Basic Definition: Price Action Trading (P.A.T.) is the discipline of making all of your trading decisions from a stripped down or “naked” price chart. This means no lagging indicators outside of maybe a couple moving averages to help identify dynamic support and resistance areas and trend. All financial markets generate data about the movement of the price of a market over varying periods of time; this data is displayed on price charts. Price charts reflect the beliefs and actions of all participants (human or computer) trading a market during a specified period of time and these beliefs are portrayed on a market’s price chart in the form of “price action” (P.A.).
Whilst economic data and other global news events are the catalysts for price movement in a market, we don’t need to analyze them to trade the market successfully. The reason is pretty simple; all economic data and world news that causes price movement within a market is ultimately reflected via P.A. on a market’s price chart.
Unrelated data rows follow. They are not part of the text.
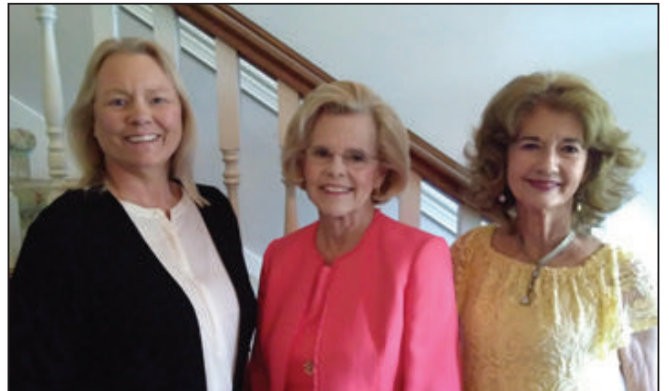
Special to The Clinton Courier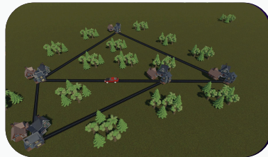
Portfolio Project: City Builder

Dive into the intricacies of selecting the ideal data structures and algorithms tailored to specific scenarios and challenges. Grasp the nuances of basic algorithm design techniques, analyze algorithmic complexity, and implement use common data structures, ensuring solutions are both effective and efficient.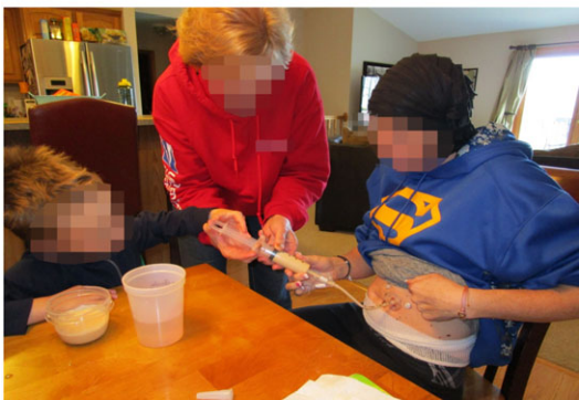
C. A child delivering HEN for the first time as a way of educating the child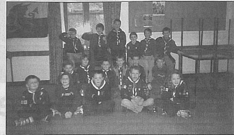
PRESENT: The Cub pack at Tresaith camp, March 2003.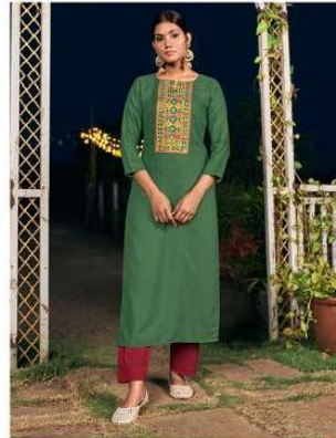
{ 3.3.6.7 }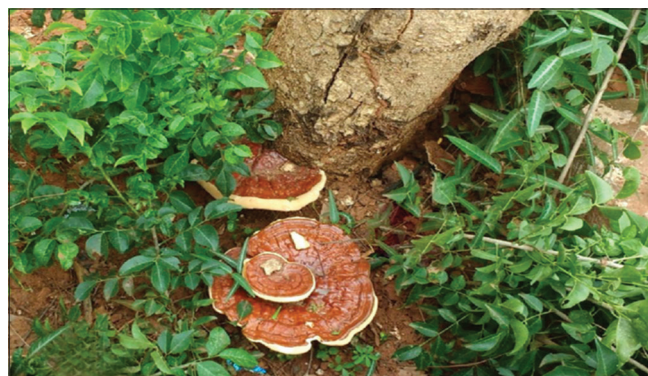
Fig. 1: Ganoderma lucidum (Test mushroom)

The total protein contents of the aqueous extract of G. lucidum were found to be 39.28 mg/g.wet.wt. After acid extraction, the protein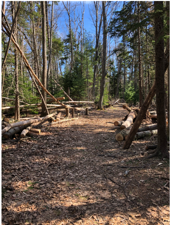
Great Pond Trail: Trail cleared of significant tree blow downs.

• Chainsaw Heros still wanted. Our trail maintenance person is working his way around the greenbelt clearing trees that have fallen on the trails. Complicated tree removals are underway by the Tree Warden. Anyone who is comfortable helping him out with fallen trees is welcome to join our honorary Chainsaw Heros Club . To join, please safely remove any portion of a tree that is on a greenbelt trail.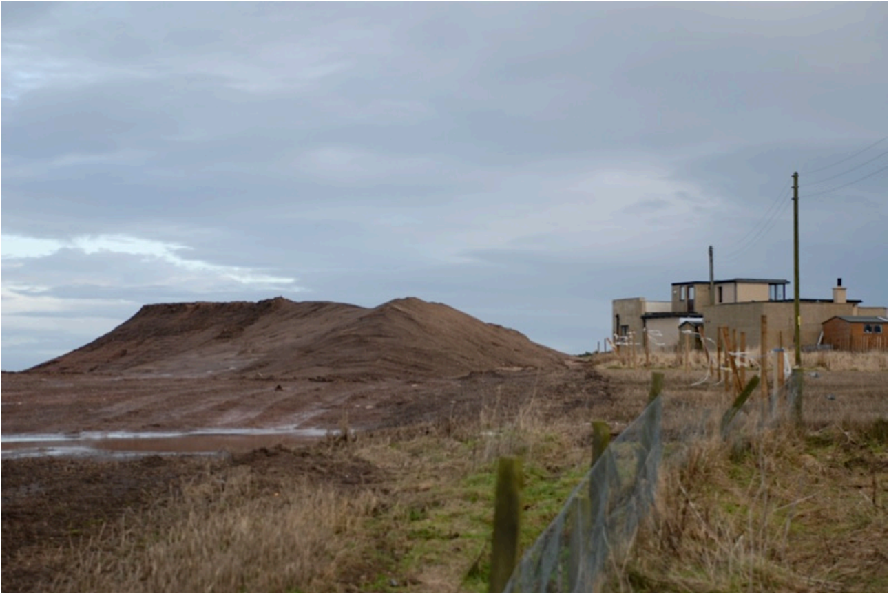
Figure 11 Bund constructed behind Hermit Point

On 21 October 2010, after TIGLS removed the existing fence, a large 20 ft high mound of earth - a bund or “berming” as Donald Trump referred to it - began to be erected on the north-west side of Hermit Point (see Fig. 11). On 27 October more soil was added to the bund.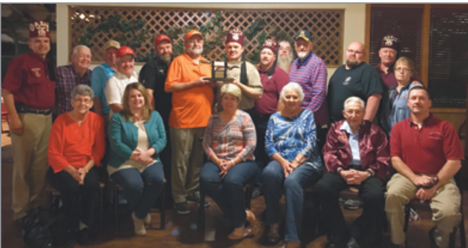
Traveling Gavel reaches Gaston County Shrine Club

Come out to fellowship and try to retrieve the Traveling Scimitar. This is a great way to visit other clubs and meet new Nobles.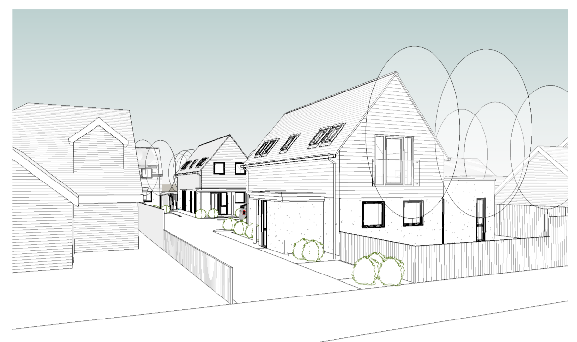
2. 3D View 1 scale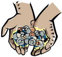
The Noisy Offering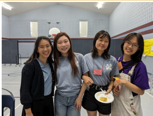
The 4 coordinators for the 2 camps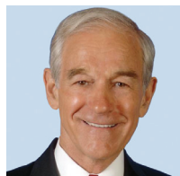
Ron Paul Congressman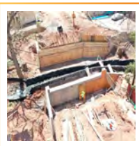
Beckers Ln City of Manitou Springs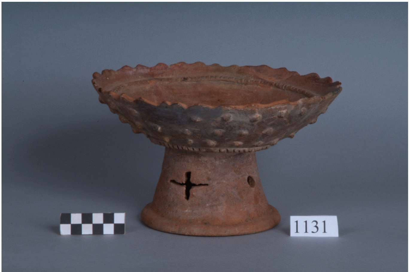
Figure 14: Smaller, more delicate cross-shaped ('+') venting style on Potosí censer base.

1980; Bransford, 1881; Haberland, 1992), in addition to the production of cacao, provides further support of cacao seed representation on the body. I believe that there was a greater knowledge base of plant biology than what we as archaeologists currently allow for. Seeds carry knowledge, food, and medicine among other things, and I believe that there was a greater respect and desire to preserve the sacred element of the biological world in which people lived. Bransford (1881) mentions the presence of seeds in addition to coffee and beans as burial offerings on Ometepe. Iconography displaying seeds on ceramic vessels could be the ultimate form of respect to that plant, reinforcement of its important place in the ritual economy of life, alongside the addition of those seeds in burial offerings to individuals, perhaps needed to start their new life in another world.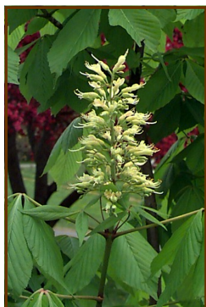
University of Connecticut Plant Database

The Ohio Buckeye prefers shady conditions in its youth, but grows in full sun to partial shade as it matures. It grows best in deep, moist, well-drained, acidic soil. Placing this tree in full or partial sun will result in the best foliage, while choosing a shadier area will produce better fruit and nuts.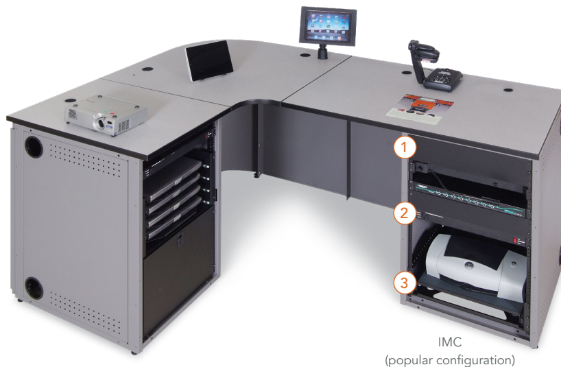
IMC (popular configuration)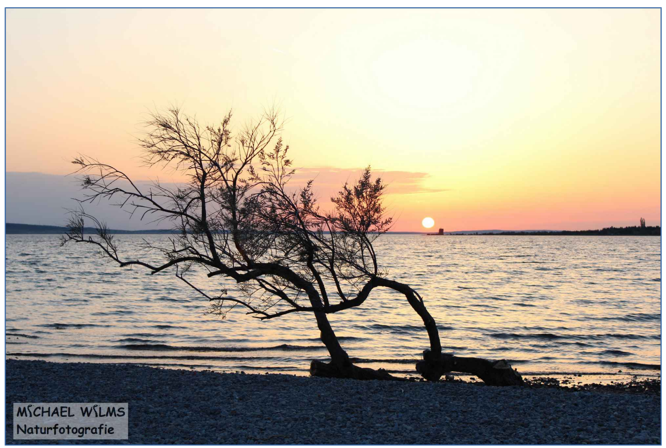
Sunset on the coast of Starigrad in front of Paklenica national park (southern Velebit mountains)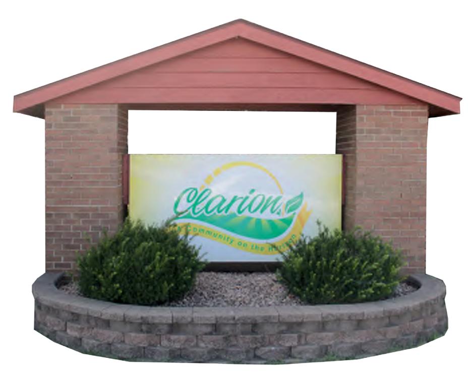
Existing Clarion entry sign.

Since a market’s P.A. reflects all variables affecting that market for any given period of time, using lagging price indictors like stochastics, MACD, RSI, and others is just a flat waste of time. Price movement provides all the signals you will ever need to develop a profitable and high-probability trading system.
These signals collectively are called price action trading strategies and they provide a way to make sense of a market’s price movement and help predict its future movement with a high enough degree of accuracy to give you a high-probability trading strategy.
“Clean” Charts vs. “Messy” Indicator-laden Charts
Next, to demonstrate the stark contrast between a pure P.A. chart and one with some of the most popular forex indicators on it, I have shown two charts in the examples below. The chart on the top has no indicators on it, there’s nothing but the raw P.A. of the market on that chart. The bottom chart has MACD, Stochastics, ADX and Bollinger Bands on it; four of the most widely used indicators AKA “secondary” analysis tools as they are sometimes called.
The image example below shows a clean price chart, with no mess, and no indicators, just pure price bars:
The image example below shows a messy price chart, with lots of clutter, indicators and mess:
It’s worth pointing out how in the indicator-laden chart you actually have to give up some room on the chart to have the indicators at the bottom, this forces you to make the P.A. part of the chart smaller, and it also draws your attention away from the natural P.A. and onto the indicators. So, not only do you have less screen area to view the P.A., but your focus is not totally on the price action of the market like it should be.
If you really look at both of those charts and think about which one is easier to analyze and trade from, the answer should be pretty clear. All of the indicators on the chart below, and indeed almost all indicators, are derived from the underlying P.A.. In other words, all traders do when they add indicators to their charts is produce more variables for themselves; they aren’t gaining any insight or predictive clues that aren’t already provided by the market’s raw price action.